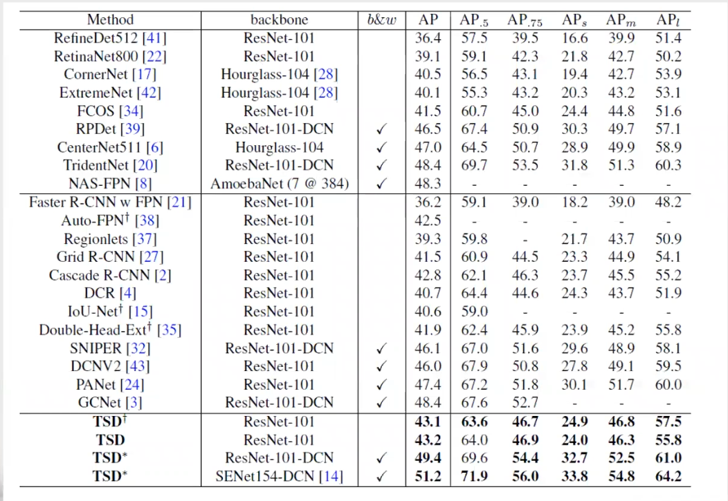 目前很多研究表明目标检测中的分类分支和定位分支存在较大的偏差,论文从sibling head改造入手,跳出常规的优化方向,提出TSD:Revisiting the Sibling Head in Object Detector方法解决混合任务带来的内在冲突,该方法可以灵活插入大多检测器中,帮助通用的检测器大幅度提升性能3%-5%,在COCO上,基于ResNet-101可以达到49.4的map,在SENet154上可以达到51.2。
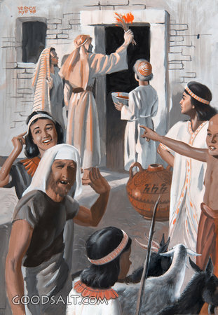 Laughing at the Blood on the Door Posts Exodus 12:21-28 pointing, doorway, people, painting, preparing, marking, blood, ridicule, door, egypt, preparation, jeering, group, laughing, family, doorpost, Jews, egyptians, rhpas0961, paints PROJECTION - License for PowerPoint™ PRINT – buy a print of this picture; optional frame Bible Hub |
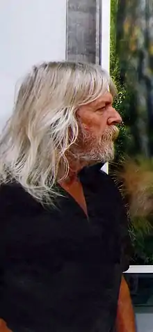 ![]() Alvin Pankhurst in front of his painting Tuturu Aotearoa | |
◇ ◇ ◇ ◇
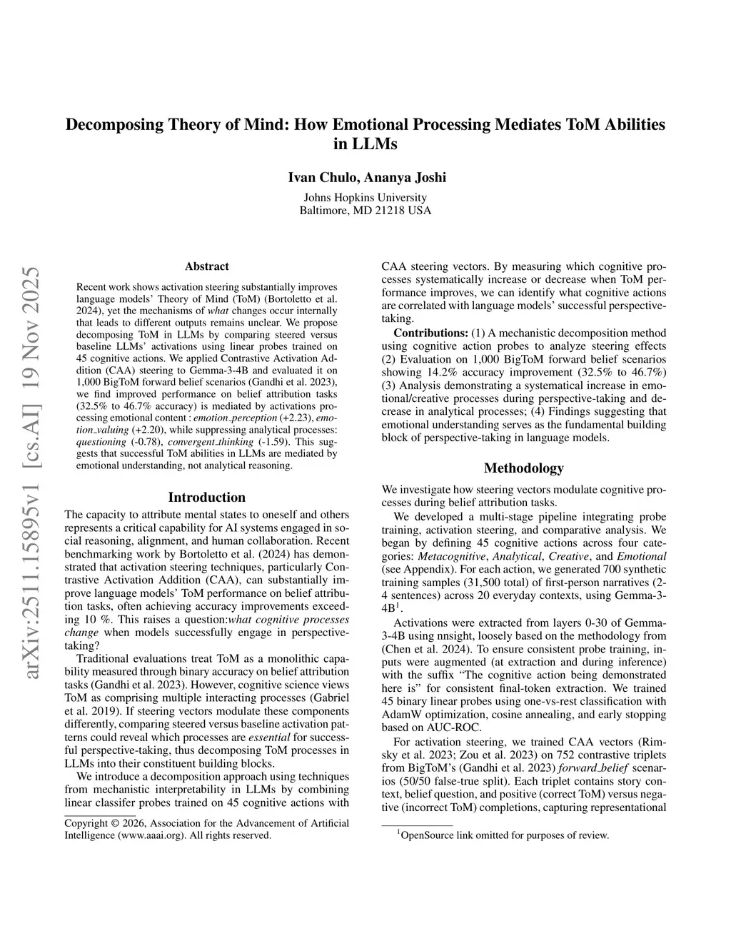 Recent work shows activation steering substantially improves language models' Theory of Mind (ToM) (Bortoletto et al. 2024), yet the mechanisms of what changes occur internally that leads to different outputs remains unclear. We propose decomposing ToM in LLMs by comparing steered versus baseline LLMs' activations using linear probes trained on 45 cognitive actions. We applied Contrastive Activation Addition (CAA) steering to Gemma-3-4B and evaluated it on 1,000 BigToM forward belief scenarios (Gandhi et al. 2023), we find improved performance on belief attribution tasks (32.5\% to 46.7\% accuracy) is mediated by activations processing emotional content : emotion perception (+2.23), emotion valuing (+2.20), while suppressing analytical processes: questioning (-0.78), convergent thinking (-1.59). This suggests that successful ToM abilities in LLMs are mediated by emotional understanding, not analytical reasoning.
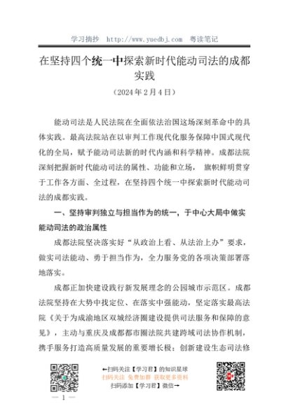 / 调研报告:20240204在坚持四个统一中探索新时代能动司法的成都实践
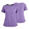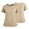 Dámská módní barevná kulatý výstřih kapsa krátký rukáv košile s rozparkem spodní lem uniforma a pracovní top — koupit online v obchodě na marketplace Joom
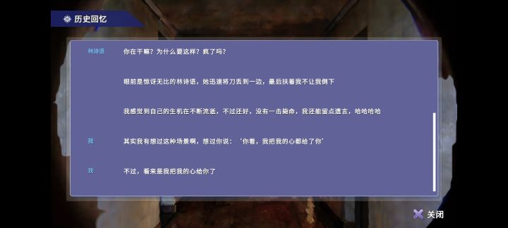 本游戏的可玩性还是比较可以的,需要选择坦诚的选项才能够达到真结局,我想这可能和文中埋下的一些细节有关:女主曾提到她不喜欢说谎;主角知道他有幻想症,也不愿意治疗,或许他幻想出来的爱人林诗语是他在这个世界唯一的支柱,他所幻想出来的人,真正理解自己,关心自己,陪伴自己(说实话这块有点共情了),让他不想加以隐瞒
◇ ◇ ◇ ◇
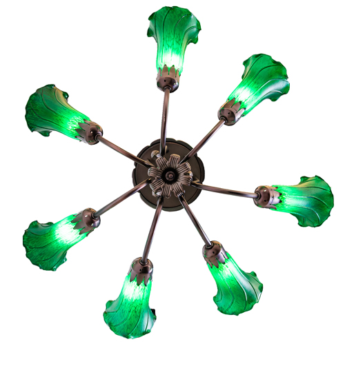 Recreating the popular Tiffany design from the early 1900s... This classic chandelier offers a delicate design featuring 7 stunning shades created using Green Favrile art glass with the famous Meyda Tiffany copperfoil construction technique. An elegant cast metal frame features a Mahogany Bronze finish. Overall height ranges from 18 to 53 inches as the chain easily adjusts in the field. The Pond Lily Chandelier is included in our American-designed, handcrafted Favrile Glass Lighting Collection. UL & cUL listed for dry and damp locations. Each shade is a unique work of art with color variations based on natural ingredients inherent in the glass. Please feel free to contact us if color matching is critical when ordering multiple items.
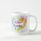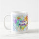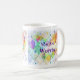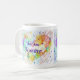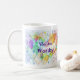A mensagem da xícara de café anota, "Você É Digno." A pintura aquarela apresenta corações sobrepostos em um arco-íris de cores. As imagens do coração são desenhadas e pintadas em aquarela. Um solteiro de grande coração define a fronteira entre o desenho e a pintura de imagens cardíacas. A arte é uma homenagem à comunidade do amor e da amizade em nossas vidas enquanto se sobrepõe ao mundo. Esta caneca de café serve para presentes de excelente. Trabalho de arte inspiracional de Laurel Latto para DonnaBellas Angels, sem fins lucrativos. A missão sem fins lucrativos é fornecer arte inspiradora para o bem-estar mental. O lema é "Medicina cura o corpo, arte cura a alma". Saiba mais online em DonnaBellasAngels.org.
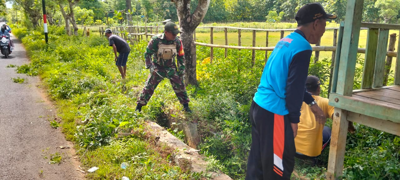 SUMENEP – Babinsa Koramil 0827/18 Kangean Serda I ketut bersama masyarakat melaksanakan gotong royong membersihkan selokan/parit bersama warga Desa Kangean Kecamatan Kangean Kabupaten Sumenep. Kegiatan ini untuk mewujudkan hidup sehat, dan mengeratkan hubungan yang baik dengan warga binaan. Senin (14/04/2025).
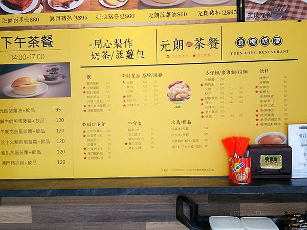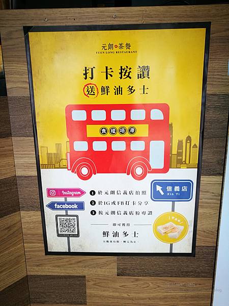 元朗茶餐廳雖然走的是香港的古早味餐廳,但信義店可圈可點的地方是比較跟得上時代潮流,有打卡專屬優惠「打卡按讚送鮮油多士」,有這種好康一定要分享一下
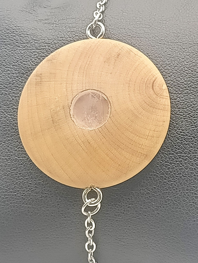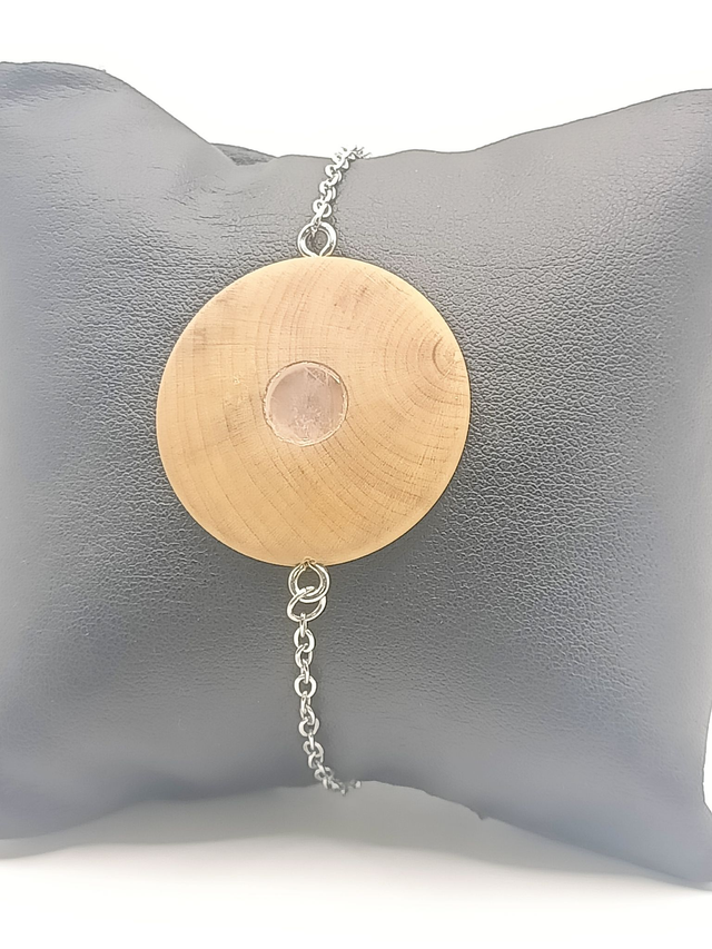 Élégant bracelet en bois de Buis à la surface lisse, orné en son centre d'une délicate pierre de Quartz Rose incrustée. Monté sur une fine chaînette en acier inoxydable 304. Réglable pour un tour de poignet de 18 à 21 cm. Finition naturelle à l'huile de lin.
◇ ◇ ◇ ◇
Within the entries above, the lines from the one containing "元朗茶餐廳雖然走的是香港的古" through the one containing "Élégant bracelet en" are to be transcribed exactly, ends included, pictures excluded.

 元朗茶餐廳雖然走的是香港的古早味餐廳,但信義店可圈可點的地方是比較跟得上時代潮流,有打卡專屬優惠「打卡按讚送鮮油多士」,有這種好康一定要分享一下
 Élégant bracelet en bois de Buis à la surface lisse, orné en son centre d'une délicate pierre de Quartz Rose incrustée. Monté sur une fine chaînette en acier inoxydable 304. Réglable pour un tour de poignet de 18 à 21 cm. Finition naturelle à l'huile de lin.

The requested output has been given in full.